What Is Vibe Coding?
Vibe coding is an AI-assisted development workflow where the developer describes desired functionality in natural language, an AI model generates the implementation code, and the developer iterates by running the output and feeding errors back as prompts. Unlike traditional autocomplete tools, the AI leads implementation while the human leads intent, review, and architectural decisions.
Vibe coding has become one of the most polarizing terms in software development since Andrej Karpathy coined it in February 2025. The concept is straightforward: describe what you want in natural language, let an AI generate the code, accept the output, run it, and iterate by feel. No line-by-line authorship. No deep reading of every function. Just vibes. For some engineers, this represents a genuine productivity breakthrough. For others, it is a recipe for unmaintainable, insecure software shipped by people who never understood what they built. The truth, as usual, sits somewhere in the middle, and the specifics matter far more than the hot takes.
Table of Contents
- What Is Vibe Coding?
- The Tools Powering Vibe Coding
- Vibe Coding in Practice: A Hands-On Walkthrough
- When Vibe Coding Works and When It Doesn't
- Best Practices for Responsible Vibe Coding
- The Bigger Picture: What Vibe Coding Means for Developers
What Is Vibe Coding?
Origin of the Term
Karpathy, the former head of AI at Tesla and a founding researcher at OpenAI, posted about vibe coding in early February 2025. His description was deliberately informal: he talked about surrendering to the vibes of the AI, accepting code suggestions wholesale, running the result, and pasting errors back into the prompt when things broke. The philosophy is less about carefully crafting software and more about steering an AI toward a working outcome through iterative natural language conversation.

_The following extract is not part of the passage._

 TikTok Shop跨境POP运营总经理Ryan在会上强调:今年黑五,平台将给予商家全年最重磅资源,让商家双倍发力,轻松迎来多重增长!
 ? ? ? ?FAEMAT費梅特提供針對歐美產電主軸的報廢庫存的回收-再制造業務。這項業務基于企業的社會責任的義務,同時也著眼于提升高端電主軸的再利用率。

This is fundamentally different from the AI-assisted coding most developers already use. GitHub Copilot's inline suggestions, for instance, operate as sophisticated autocomplete. The developer remains the author. Copilot fills in gaps. Vibe coding flips that relationship. The AI becomes the primary author, and the developer becomes the director, reviewer, and sometimes just the person pressing "accept."
The Spectrum of AI-Assisted Development
It helps to think of AI involvement in coding as a spectrum with roughly four levels.

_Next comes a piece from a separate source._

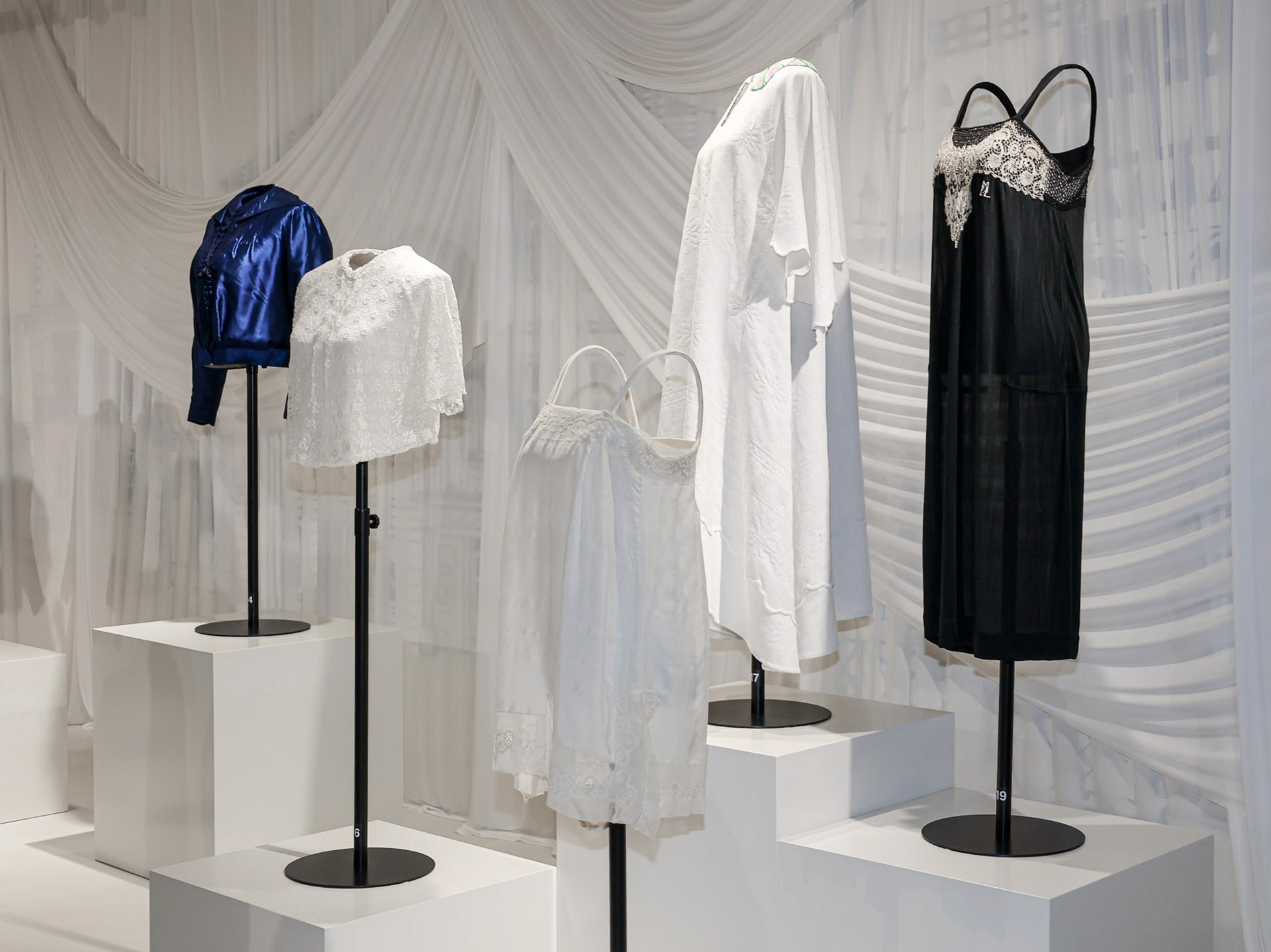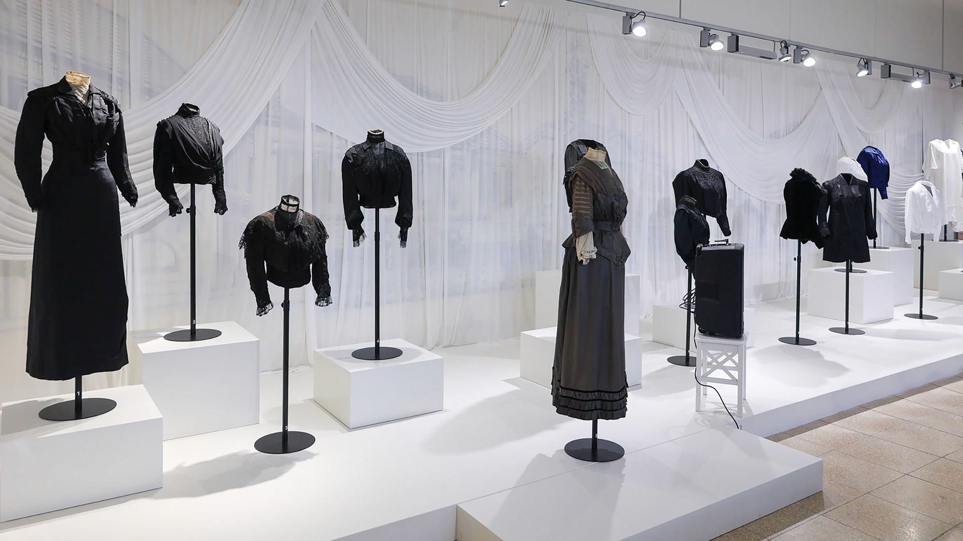 Die neue Sonderausstellung im Kaiser-Jubiläumssaal des Kaiser-Franz-Josef-Museums in Baden zeigt historische Kleidungsstücke aus der Sammlung Werkmann aus dem Zeitraum vom Ende des 19. Jahrhunderts bis in die 1920er Jahre. Der Sonderausstellungsraum im ersten Stock des prächtigen Jugendstilgebäudes wurde vollständig neu gestaltet und an die konservatorischen Anforderungen der Exponate angepasst. Die 110 m² erstrahlen in einer ruhigen, hellen und einheitlichen Farbgebung, die die edlen Materialien und aufwendigen Fertigungstechniken der Exponate gezielt hervorhebt. Die Exponate werden in umgestalteten Bestandsvitrinen und auf einer neuen Podestlandschaft in Szene gesetzt. Diese ist auf unterschiedlichen Höhen konzipiert und kann aufgrund ihrer modularen Bauweise unkompliziert nachgenutzt werden. Das Ensemble ist in eine Hintergrundinszenierung aus gerafften Stoffbahnen in mehreren Ebenen eingebettet, die an gezielten Stellen eine bestehende Illustration der Stadt Baden durchscheinen lässt. Sitzgelegenheiten und der Blick aus den freigelegten Fenstern erhöhen die Aufenthaltsqualität, während eine interaktive Station zum Reflektieren anregt.

At the first level, autocomplete, tools like GitHub Copilot predict the next few lines while the developer writes the code. The second level, chat-assisted coding, has the developer asking an AI to explain a function, suggest a refactor, or debug a specific error. The human still drives the architecture and flow.

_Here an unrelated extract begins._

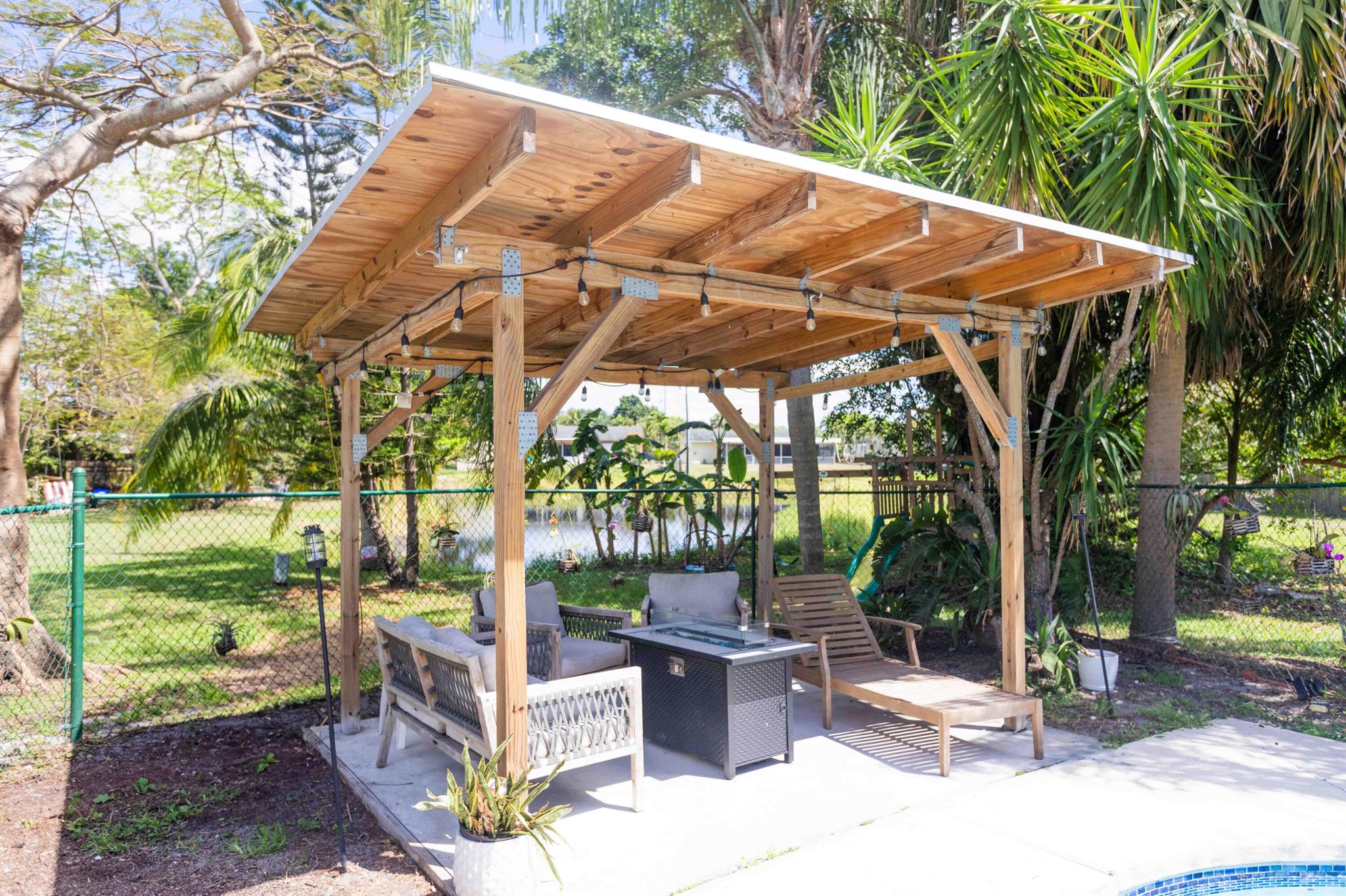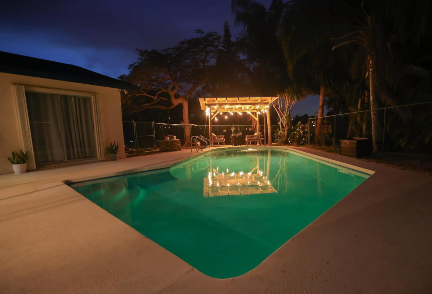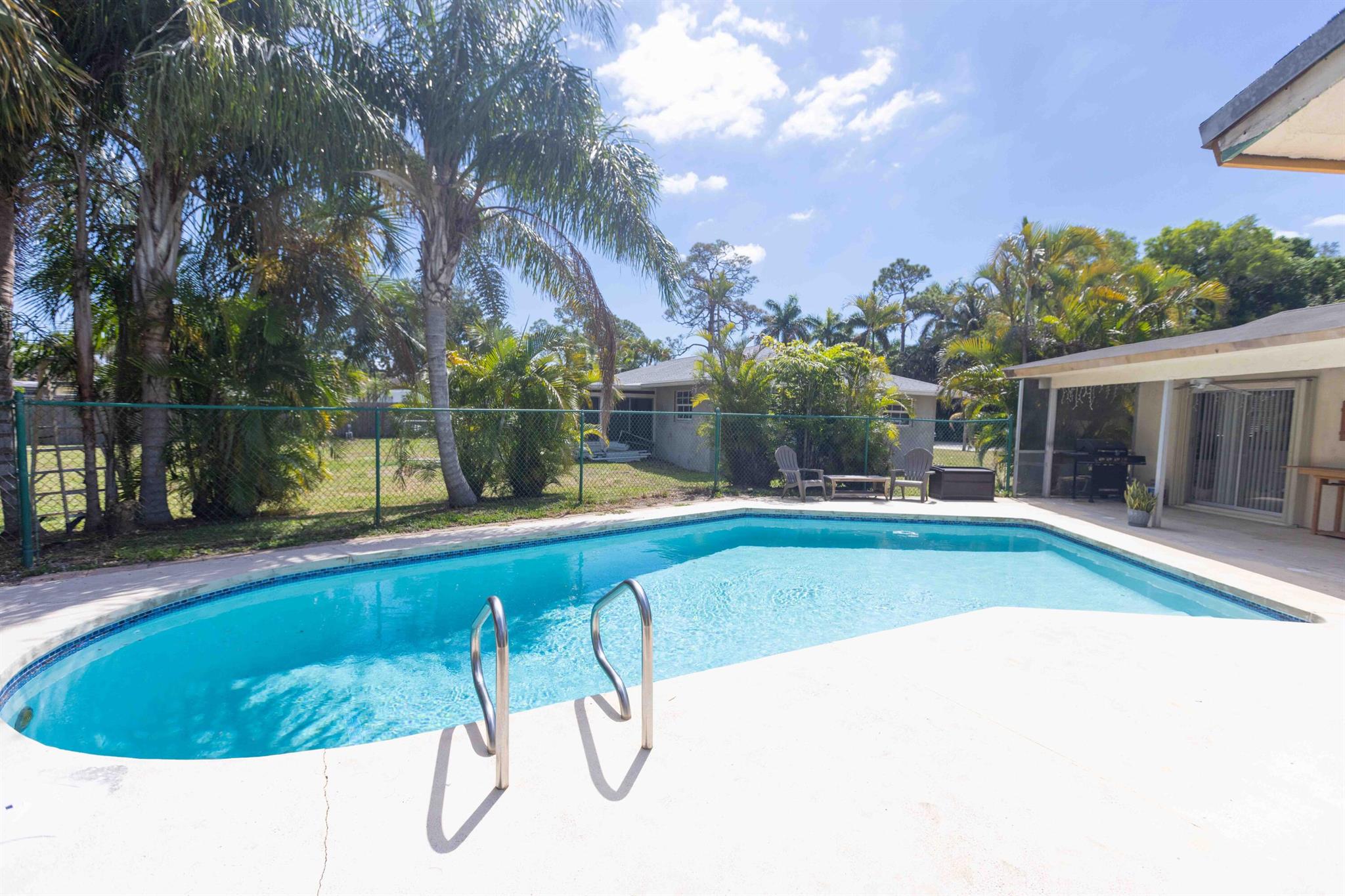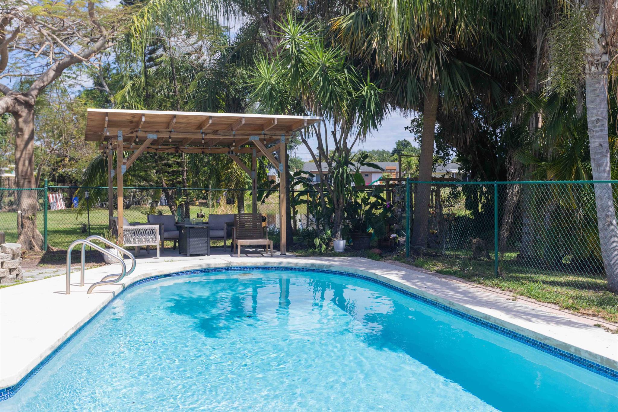 Welcome to Paradise!3/2/2 pool home in tropical paradise on just under a half an acre with NO HOA in Florida Gardens!!! There is a smaller additional 4th room with a closet being used as a bedroom for a small child, would work great as a nursery, playroom, office, or anything else you’d need extra room for. Beautiful tile floor throughout with tons of natural light. Brand new resurfaced pool with energy efficient programable pump, new filter housing, new skimmer and main drain, new jets, fresh paint coming this week, granite and stainless steel appliances in the kitchen. Dishwasher less than 1 year old, Washer, Dryer, and refrigerator are less than 2 years old. Banana and Palm trees overlooking the pond in the back yard. Pool and water views from kitchen, dining room, and bedrooms.

Vibe coding sits at the third level. Here, the developer writes natural language prompts describing entire features. The AI generates multi-file changes. The developer reviews, runs, and iterates. The fourth level, fully autonomous agents, includes tools like Devin or OpenHands that attempt to complete entire tasks from issue to pull request with minimal human intervention. (Devin's benchmark claims have been subject to independent scrutiny; real-world performance varies significantly.)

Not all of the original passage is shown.